‘Window for intervention’ to forestall hypertensive cognitive decline

By Sara Freeman, medwireNews Reporter

Newly diagnosed hypertension is predictive of cognitive decline in middle-aged individuals and is worse in those with poorly controlled blood pressure, Dutch researchers have found.

The findings add to observational data showing that hypertension is not only associated with accelerated cognitive decline and dementia, but also that cognitive decline is worse if hypertension is left untreated or not adequately controlled using antihypertensive medications.

However, the researchers say the cognitive declines were “insidious,” with the effect on executive function apparent only from around 6 years after hypertension onset “possibly opening a window for early intervention.”

As part of the Maastricht Aging Study (MAAS), a prospective study on brain aging, Sebastian Köhler (Maastricht University, the Netherlands) and colleagues looked at the temporal evolution of cognitive changes in relation to hypertension in individuals aged from 25 to 84 years at baseline at 6 and 12 years’ follow-up.

Just over one-third (35.3%) of 1805 study participants were hypertensive at baseline and 352 (30.2%) were diagnosed with hypertension during the follow-up period.

“Baseline hypertension went together with a faster decline in all cognitive domains,” Köhler et al write in Hypertension. “There was a steady decline in memory and information processing speed, whereas the effect on executive functions showed a time-lagged drop from 6–12-year follow-up only.”

Women with baseline hypertension showed a faster decline than men in cognitive function from baseline to the 12-year follow-up point; otherwise results were similar for both men and women.
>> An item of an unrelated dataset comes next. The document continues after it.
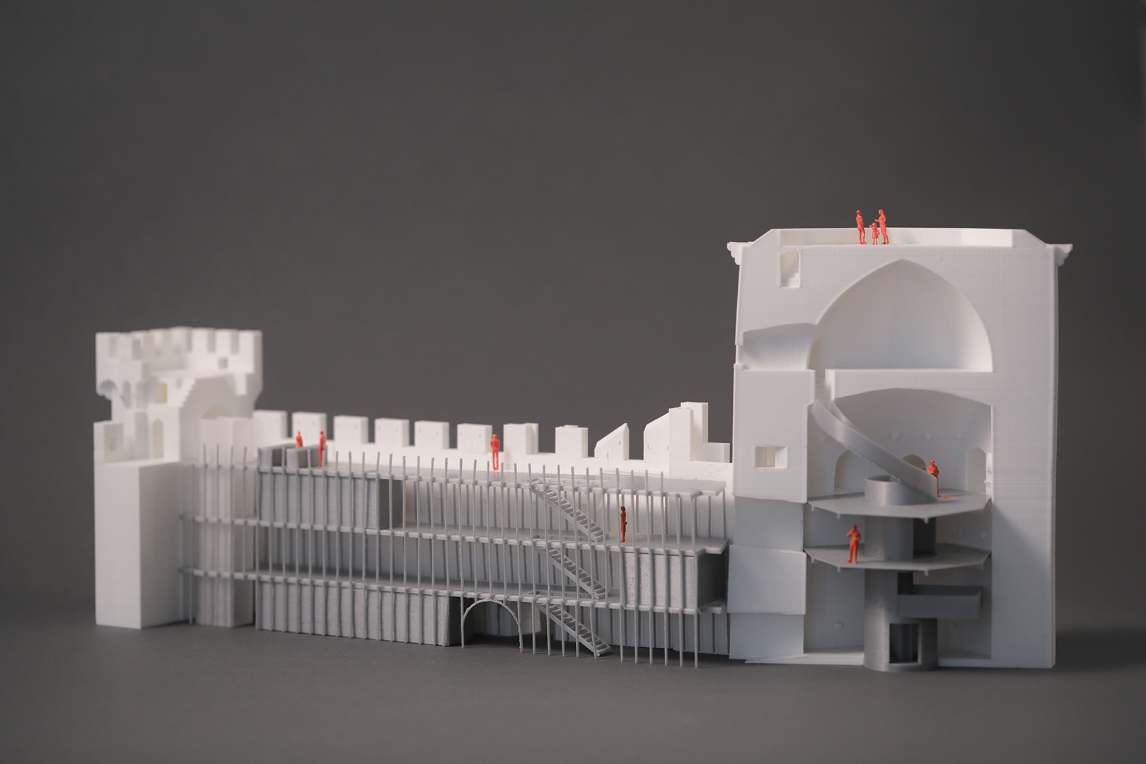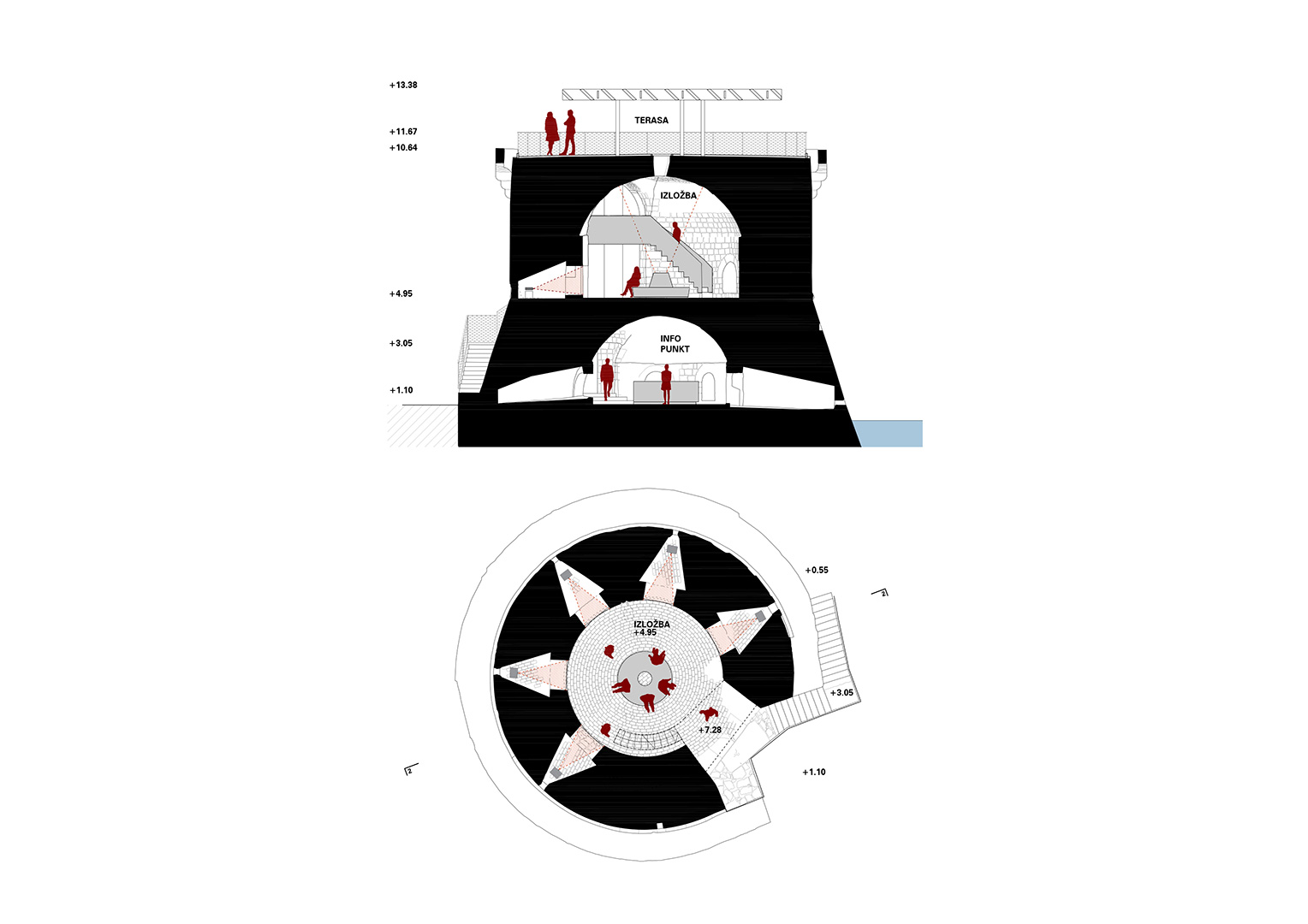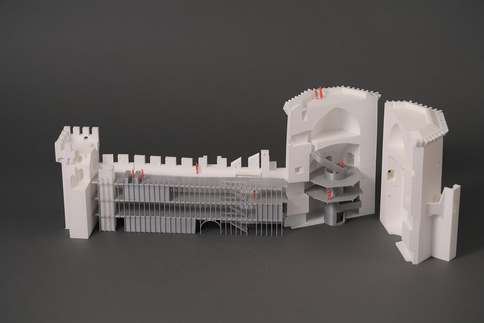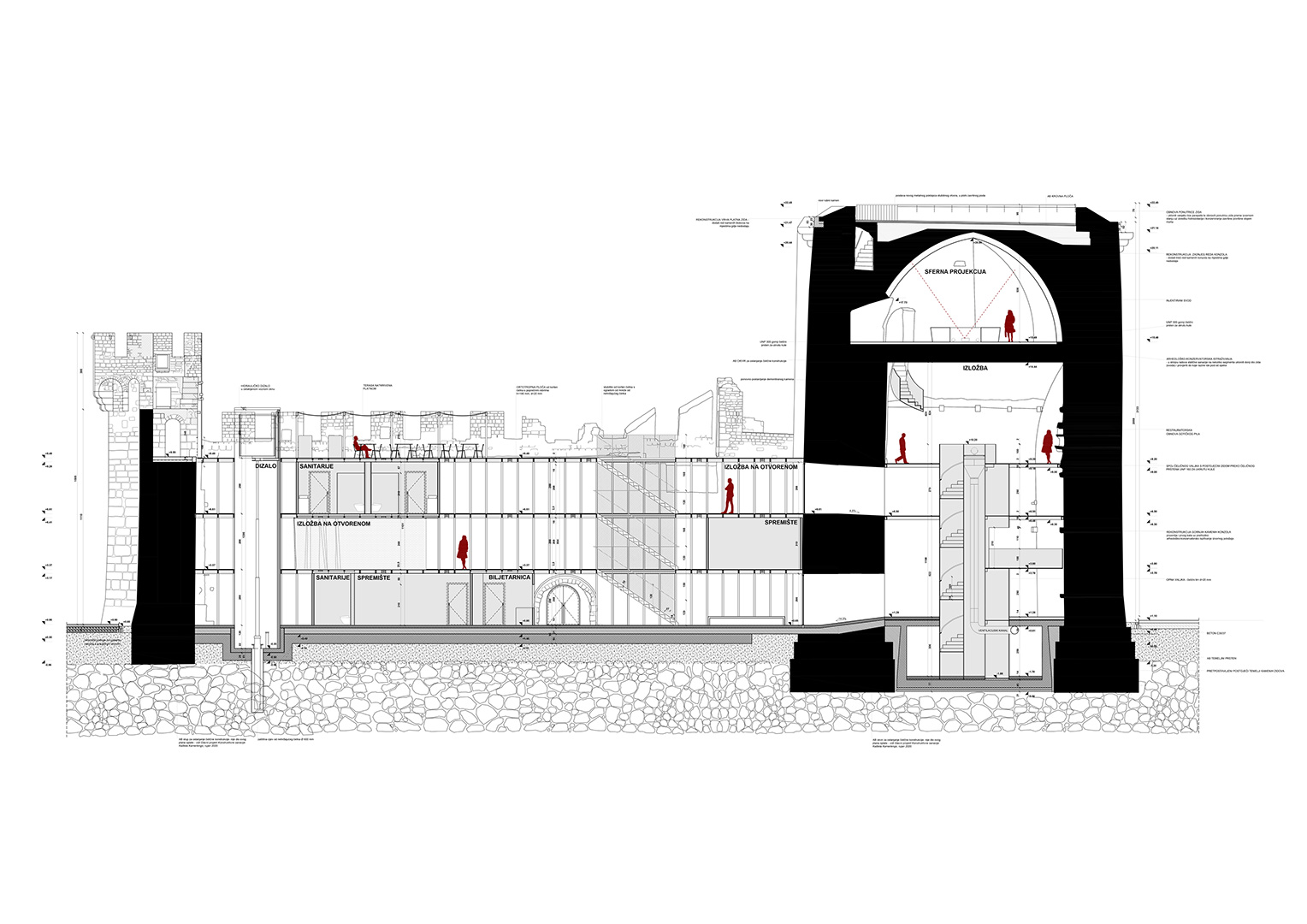 Precizan urbanistički rez, velik infrastrukturni zahvat s novom gradskom arkadom, ponovno ocrtava povijesnu konturu grada Trogira i formira novi javni prostor – park/otok. Niz manjih intervencija, laganih čeličnih struktura, osigurava infrastrukturu za ponovnu upotrebu ostataka srednjovjekovnog obrambenog sustava – kule sv. Marka i kaštela Kamerlengo. Najveća od njih, struktura u dvorištu kaštela, prislanja se uz južni dvorišni kameni zid pridržavajući pritom njegovu narušenu stabilnost.

Baseline hypertension also predicted faster decline in memory, executive functioning, and information processing speed in individuals younger than 65 years, but was only predictive of information processing decline in older people.

Compared with normotensive individuals, those with untreated baseline hypertension had faster declines in memory and information processing speed, and those with treated but poorly controlled baseline hypertension showed declines in both of these categories and also in executive function. Meanwhile, those with controlled baseline hypertension exhibited declines in executive function only.

Participants with incident hypertension had faster declines in memory and information processing speed but not executive functions versus normotensive participants. Cognitive decline was faster in those younger than 65 years than in older participants and worse in those with untreated or uncontrolled hypertension.

“[O]ur findings imply that cognitive decline could be prevented by timely [blood pressure] management,” conclude Köhler et al. “Results may support treatment adherence in patients with newly diagnosed hypertension by showing the importance of [blood pressure] control for brain functioning.”